Review of Home Front Girl by Joan Wehlen Morrison
Overview from www.bn.com: This diary of a smart, astute, and funny teenager provides a fascinating record of what an everyday American girl felt and thought during the Depression and the lead-up to World War II. Young Chicagoan Joan Wehlen describes her daily life growing up in the city and ruminates about the impending war, daily headlines, and major touchstones of the era—FDR’s radio addresses, the Lindbergh kidnapping, Goodbye Mr. Chips and Citizen Kane, Churchill and Hitler, war work and Red Cross meetings. Included are Joan’s charming doodles of her latest dress or haircut reflective of the era. Home Front Girl is not only an entertaining and delightful read but an important primary source—a vivid account of a real American girl’s lived experiences.
My Review:
This one is a hard one to review but I decided that I just had to do it since I think it is such an interesting book. It is basically tells the story of the life of a young girl from the 1937-1943.
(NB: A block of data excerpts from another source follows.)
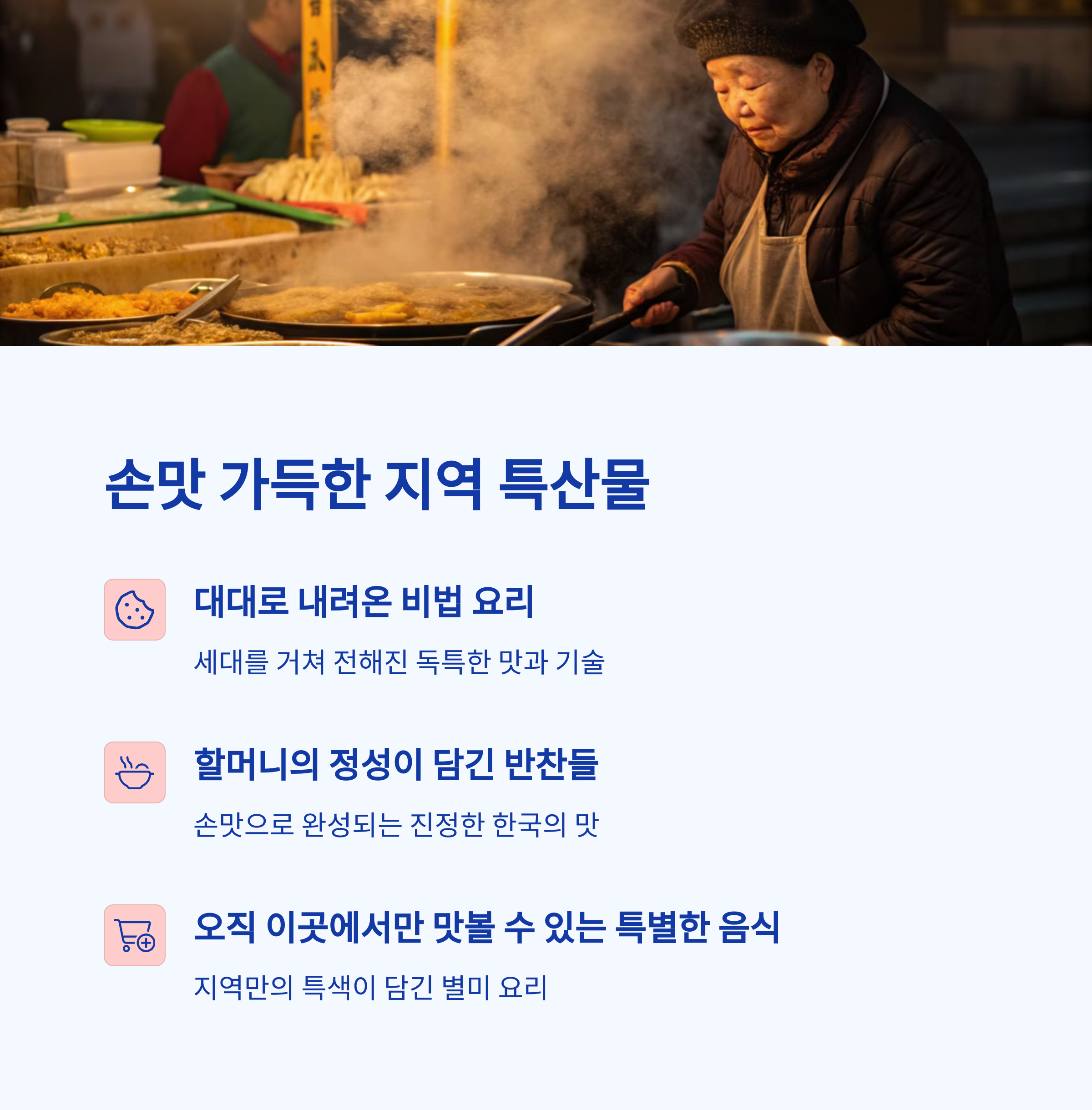 | 지역 축제 음식 | 손맛 먹거리 | 전통시장 체험 |
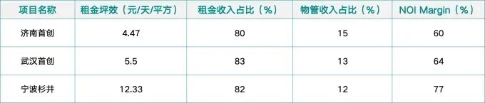 租金坪效已經達到成熟期標準,寧波杉井奧特萊斯尤為突出,NOI Margin(凈營業收入邊際,也即凈營業收入與重資產占比,反映運營效率,高值在65-80%)也全部在60%以上。
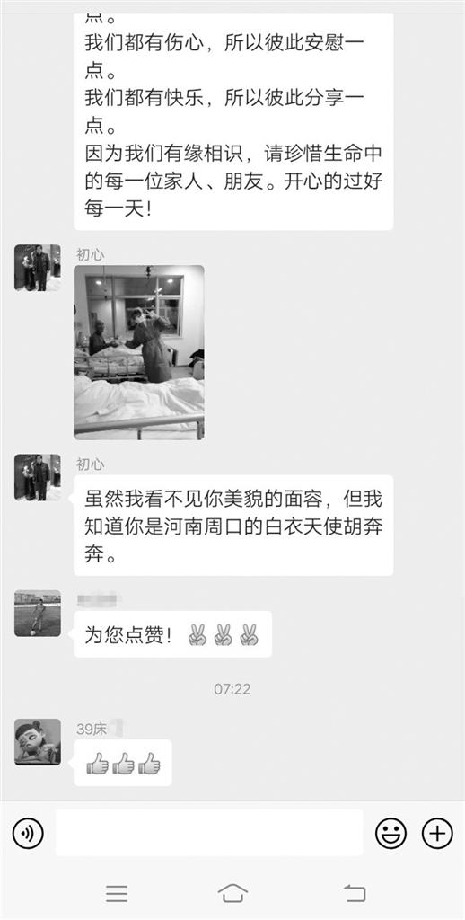 交班后的胡奔奔经过一番消毒、清洗,乘坐大巴返回驻地时已经10点多了。放松下来的她打开手机,看到了9号床患者发送到“14病区战疫群”的自己那张完全看不出任何美感的“武装照”。这位微信名叫“初心”的患者在群里这样写道:虽然我看不见你美貌(丽)的面容,但我知道你是河南周口的白衣天使胡奔奔。①6
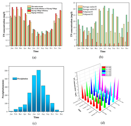 According to the year 2020 water quality monitoring report and the Revision of Shenzhen Sewage System Layout Plan (2011–2020), the annual average concentration of TN in the main stream is 1.78 mg/L, the annual average concentration of TN in the north tributary of Xiyong Village is 1.87 mg/L, and the annual average concentration of TN in the tributary of Xiyong Village is 2.34 mg/L. The annual average concentration of TN in the tributary of Xigong River is 2.17 mg/L, the annual average emission concentration of TN in the two sewage outlets is 16.96 mg/L and 22.79 mg/L, respectively, and the annual average emission concentration of TN in the two sewage outlets of the fishing ponds is 6.74 mg/L and 12.87 mg/L, respectively. We obtained from the Shenzhen Meteorological Bureau the monthly precipitation of Shenzhen in 2020. In seven months of 2020, specifically, in January, March, May, August, October, November, and December, we conducted water quality sampling and TN concentration laboratory testing at five monitoring points located along the river, respectively, and the test results were obtained. The above river information is shown in Figure 8.

Her name is Joan and she lives in Chicago. This is
her diary and we are witness to her private thoughts both about her personal
life and what is going on in the world at the time she is writing. The diary
takes her from age 14 to 20 and is often padded with entries from her school
journals when the regular diary has missing periods.
I have been reading partly for research on a novel
that I have been working on that also features a teenage girl as narrator. I
thought it might help me with some tone and dialogue problems that I am having
but it so much more than that.
Joan is still relatable today, even if some of the
expressions she uses are not. And actually even a few of them surprised me,
such as her use of the word “uh.”
Like most of us, she is full of contradictions. On
the one hand, she gets excellent grades and considers herself the
“intellectual” type but her spelling is terrible in some places. We also hear
from her own pen that she is not so good at Geometry or German. I can relate to
the Geometry part and was relieved to hear that some smart people have trouble
with it too.
The German classes surprised me also since, from my
research, I have also found that the government tried to convince people with
blood of the Axis powers in their veins from speaking the Axis language. So why
were they ok with non-Germans learning how to speak German when they wanted
German Americans to stop. Hmmm.
Not sure what else to say since there really is no
main storyline to talk about. But I knew that I just had to bring this book to
your attention since I think it is well worth reading and will probably
surprise you as it did me.
The only downside I found was her reference to
Winston Churchill as "pigface" but I reminded myself that she was a
teenager and maybe that is what he looked like to teenage girls once upon a
time.
I think I will just end with a quote. Here it is:
“Oh well…someday I’ll be a genius. Bruce wants to be a psychiatrist (I can’t
even spell it!) but I wouldn’t let him examine my brain though Frazier said I
wouldn’t miss it. (Grrrr.)” That says it all, right?